Targeting the Menin– KMT2A Axis in Acute Leukemia: From Epigenetic Dependency to Clinical Translation

Acute leukemias characterized by a shared epigenetic dependency on the menin–KMT2A axis rely on aberrant HOX-driven transcriptional programs that sustain leukemic self-renewal and impair differentiation. This dependency is most evident in KMT2A-rearranged and NPM1-mutated acute myeloid leukemia (AML), but also extends to other HOX-dependent entities, including leukemias with NUP98 rearrangements and UBTF tandem duplications, broadening the therapeutic relevance of menin inhibition.

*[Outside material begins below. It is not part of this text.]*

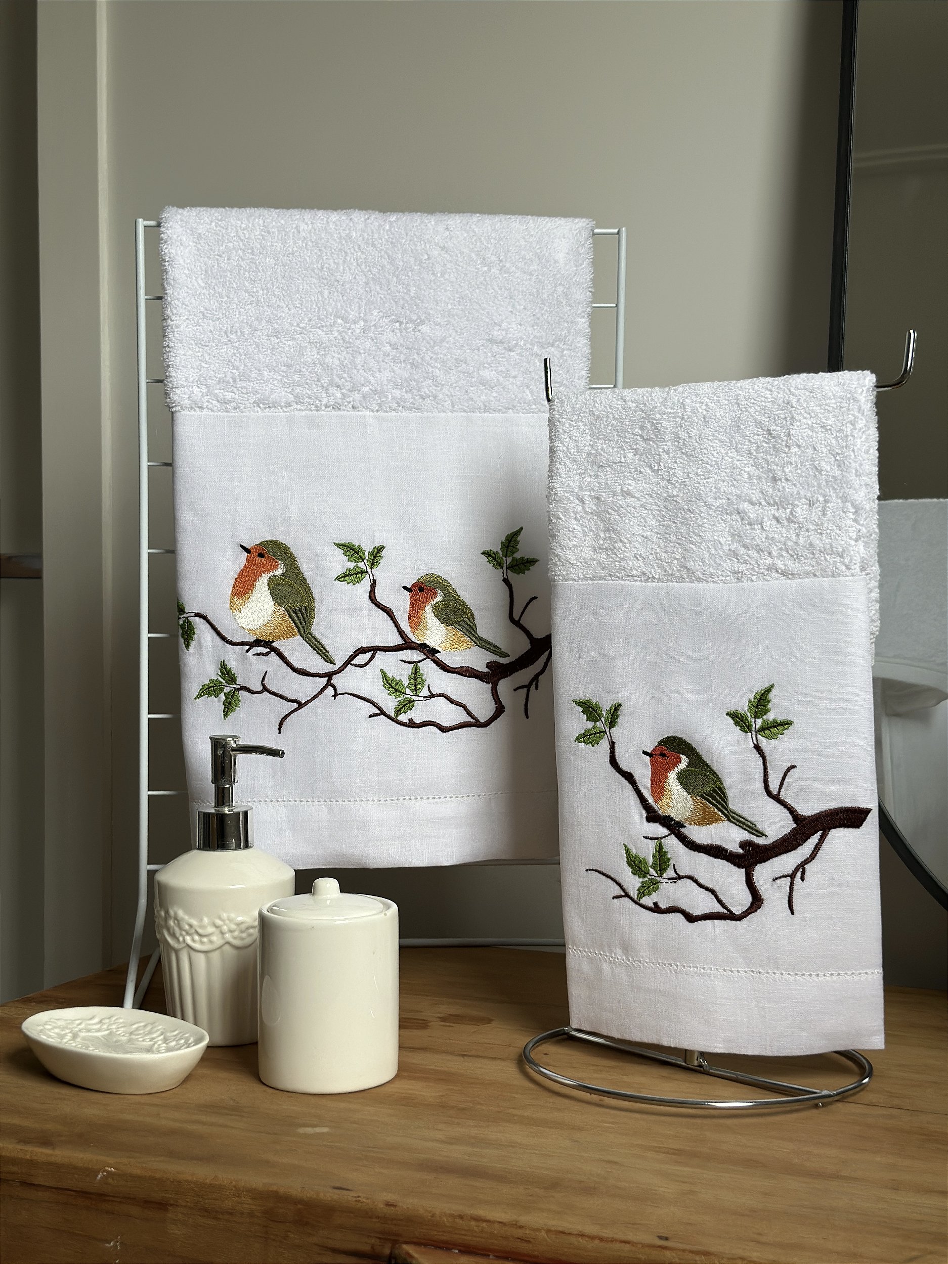 CONJUNTO TOALHA DE MÃO E ROSTO PÁSSARO LARANJA - LINHO BRANCO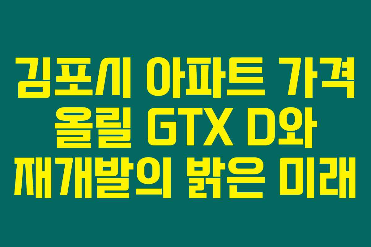 제가 직접 리서치한 바로는, 최근 김포시에 대한 관심이 급증하고 있습니다. 이번 포스팅에서는 김포시 아파트 가격 전망에 대해 자세히 알아보려 합니다. 특히, GTX D와 5호선 연장, 그리고 재개발의 영향을 중심으로 다룰 예정입니다. 아래를 읽어보시면 김포시에서 어떤 아파트가 투자 가치가 있는지에 대한 유용한 정보가 있을 거예요.

Menin acts as a central scaffold within chromatin-associated complexes that maintain expression of HOXA cluster genes and MEIS1, integrating signals from epigenetic regulators and lineage-specific transcription factors. Disruption of the menin–KMT2A interaction results in transcriptional reprogramming, induction of differentiation, and loss of leukemic stem cell properties, providing a strong mechanistic rationale for therapeutic targeting. This review synthesizes current knowledge on the molecular basis of menin dependency, with emphasis on structural insights, transcriptional circuitry, and lineage plasticity. We critically evaluate the preclinical and clinical development of menin inhibitors, including revumenib, ziftomenib, bleximinib, and icovamenib, summarizing efficacy signals in relapsed/refractory disease, safety profiles, and emerging resistance mechanisms. Special attention is given to combination strategies with venetoclax, FLT3 inhibitors, chemotherapy, and epigenetic agents, which aim to enhance response durability and mitigate resistance. Finally, we discuss ongoing clinical trials, unresolved challenges in patient selection and sequencing, and future directions for integrating menin inhibition into precision-based treatment paradigms for acute leukemia.